AutoImmune Disease Treatments
ARG201 Development to Date
arGentis is developing ARG201, a treatment for diffuse cutaneos systemic scleroderma (dcSSc), an autoimmune disease leading to widespread collagen build up on the skin and within the vascular structures of internal organs, resulting in co-morbidities such as pulmonary hypertension, kidney and gastrointestinal track failure, pulmonary fibrosis and death. dcSSc is an orphan disease with approximately 100,000 patients each in the U.S. and and 150,000 in the EU.
The mechanism of action of ARG201 is to induce immune tolerance, whereby the body ceases attacking type I collagen, a primary autoantigen in SSc. There are currently no approved therapies for the underlying cause of SSc. Median survival from diagnosis is approximately 11 years. ARG201 has been granted orphan drug status in the US by the Federal Drug Administration (FDA) and in the EU by the European Medicines Agency (EMEA).
ARG201 is a bovine-derived Type I collagen which induces immune tolerance in patients with Diffuse Systemic Scleroderma (dcSSc). It has been designated a biologic by the FDA and there is no evidence of toxicity in human clinical trials. The Gut-Associated Lymphiod Tissue (GALT) contains 1/3 of the body’s immune cells and is effective in mounting a tolerogenic response to ingested ARG201. Oral administration of the ARG201 suppresses the immune responses via the GALT.
ARG201 has completed a 168-patient Phase II US clinical trial which confirmed the following key points:
The Modified Rodnan Skin Score (MRSS) is the widely recognized tool to measure the extent of skin thickening and is useful for assessing the overall disease activity. The MRSS improvement in the late-stage patients at 15 months was 7.3 points at p=0.006.
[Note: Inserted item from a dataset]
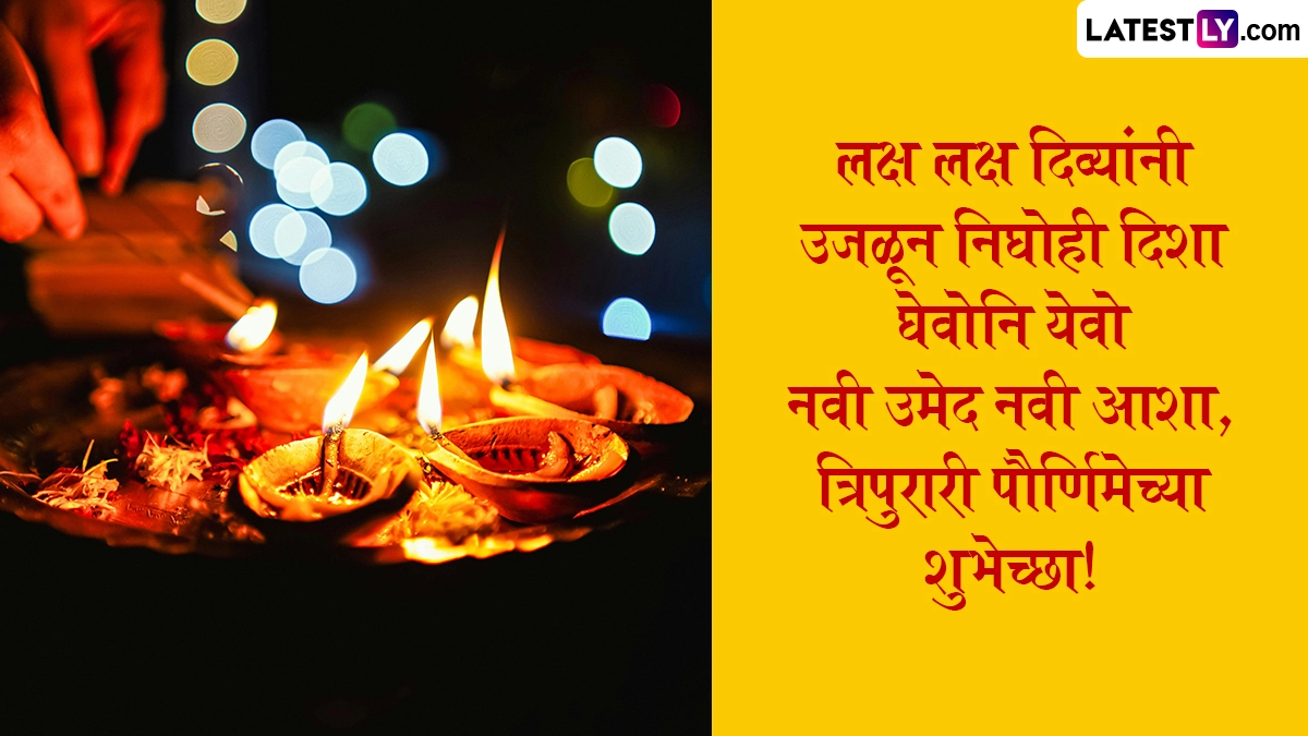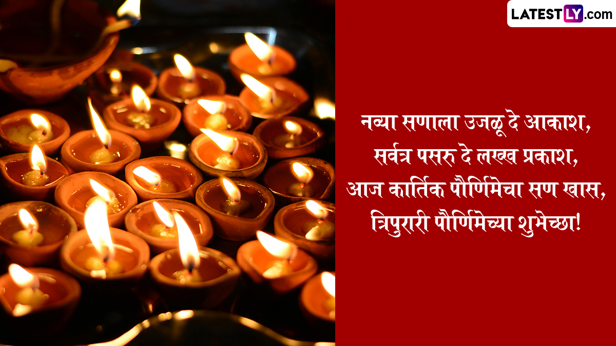 Tripurari Pournima 2025 Messages In Marathi: त्रिपुरारी पुर्णिमा (Tripurari Pournima) को कार्तिक पूर्णिमा (Kartik Purnima) या देव दीपावली (Dev Deepawali) भी कहा जाता है. कार्तिक महीने की पूर्णिमा को देव दीपावली मनाई जाती है. हिंदू पंचांग के अनुसार, कार्तिक पूर्णिमा 5 नवंबर 2025 को मनाई जाएगी. इसका शुभ मुहूर्त 4 नवंबर सुबह 10:36 बजे से शुरू होकर 5 नवंबर 2025 को शाम 6:48 बजे तक रहेगा. हिंदू धर्म में उदयातिथि को माना जाता है. इसलिए, त्रिपुरारी पूर्णिमा 5 नवंबर को मनाई जाएगी. त्रिपुरारी पुर्णिमा के दिन भगवान शंकर और विष्णु की पूजा की जाती है. पौराणिक कथाओं के अनुसार, कार्तिक पूर्णिमा के दिन भगवान शिव ने त्रिपुरासुर नामक राक्षस का वध किया था. त्रिपुरासुर ने देवताओं को बहुत परेशान किया था. तब सभी देवताओं ने भगवान शिव से त्रिपुरासुर का अंत करने की प्रार्थना की.

The improvement utilizing the ROT1 screen was 7.2 points at 12 months at p=0.0296 and 8.4 points at 15 months at p=0.007. The targeted improvement was 5.0 points and these results indicate that the desired improvement may be attained as early as 12 months with the ROT1 screen.
In the late-stage patients, the improvement above the target at 15 months was 7.3 vs. 5.0, exceeding the target by ~50%. After screening for ROT1, the improvement vs. target at 15 months was 8.4 vs. 5.0 exceeding the target by 68%.